It might be a naive question, as I am not a specialist in this field. This is a follow-up to this question.
I want to study varieties of objects generalizing ordered monoids, in particular using an explicit operator $\omega$, subject to the axiom $(A)$ $xx=x\implies x^\omega=x$, i.e. the restriction of $\omega$ to idempotents has to be the identity function.
Does it make sense to talk about a free algebra in such a context? The problem is that this free algebra would be the same as the one where we don't specify axiom $(A)$, and replace it by axioms $(A')$ like $x^\omega=x^\omega x^\omega$ and $(x^\omega)^\omega=x^\omega$.
If two algebraic structures have exactly the same free object, it seems like this object does not really represent the constraints given by the axioms, and therefore the axioms are not of a shape that allows to define a free object.
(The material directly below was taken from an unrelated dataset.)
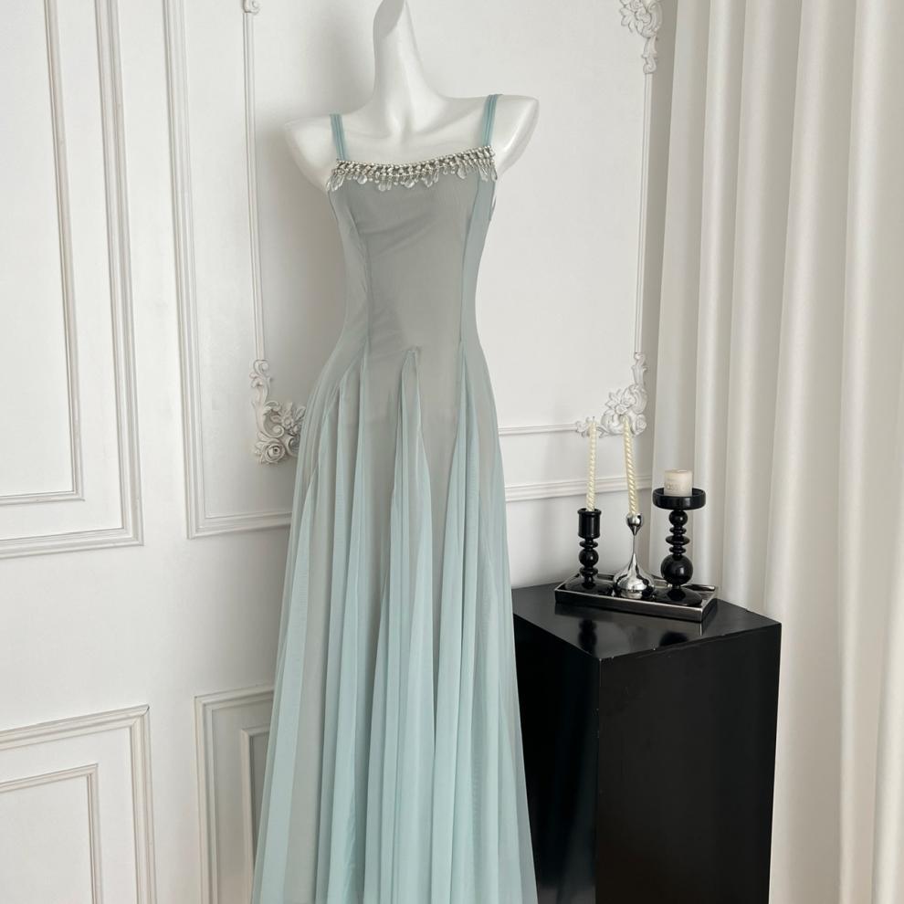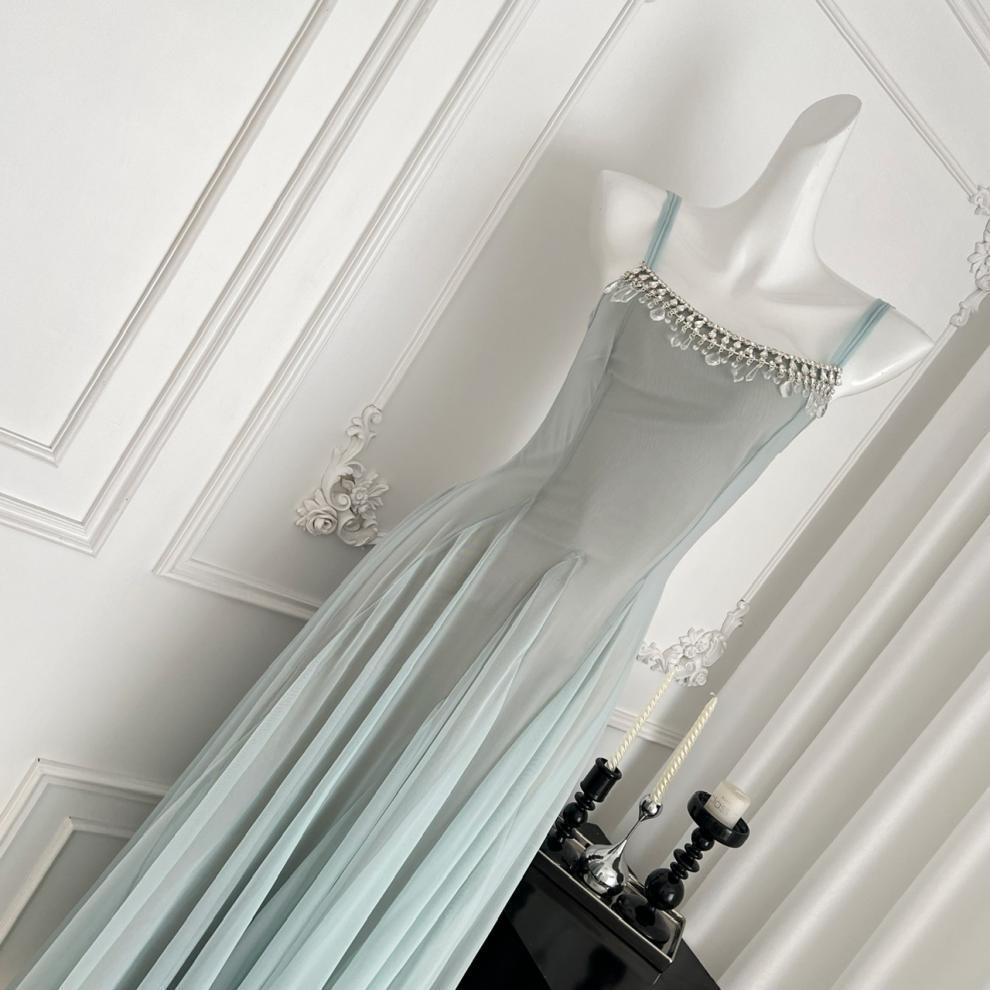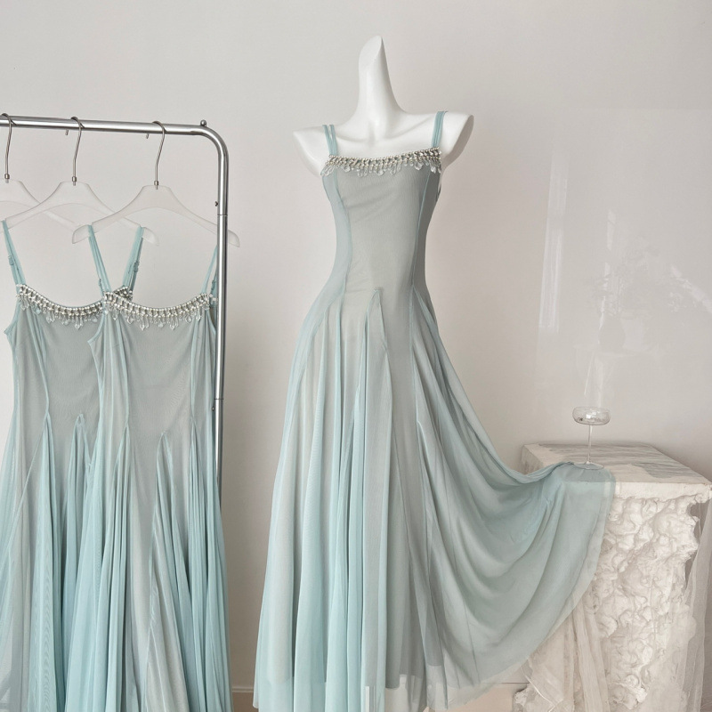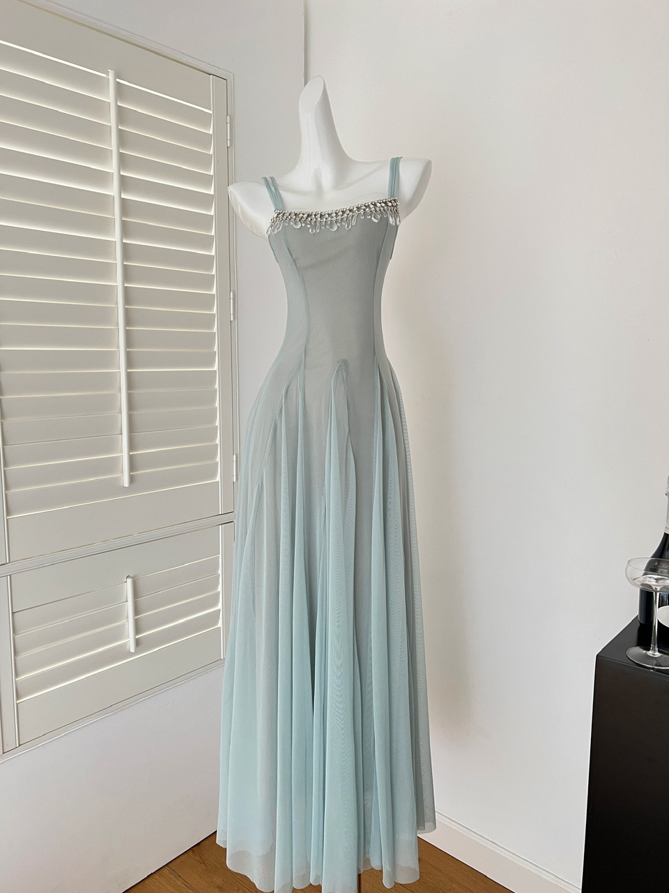 여름 슬림핏 크리스탈 체인 망사 롱 드레스 패셔너블한 스타일 2025 신상

Is this reasoning valid?
For now, the approach taken is to use axioms $(A')$, and to later use a profinite equation $x^\omega=x^\pi$, where $\pi$ is the profinite idempotent power, in order to define the pseudovariety of objects we are really interested in. But I'm wondering if such a detour is necessary.
More detailed question: If we were to use axiom (A), what is needed to be proved in order to show that there is a free object? It seems that closure under arbitrary product is important, why is it the case? Also, if we just want the universality property for finite objects, then is it enough to prove closure under finite products? Also, isn't enough to take as free object the set of terms quotiented by the axioms, and directly show that it has the universal property?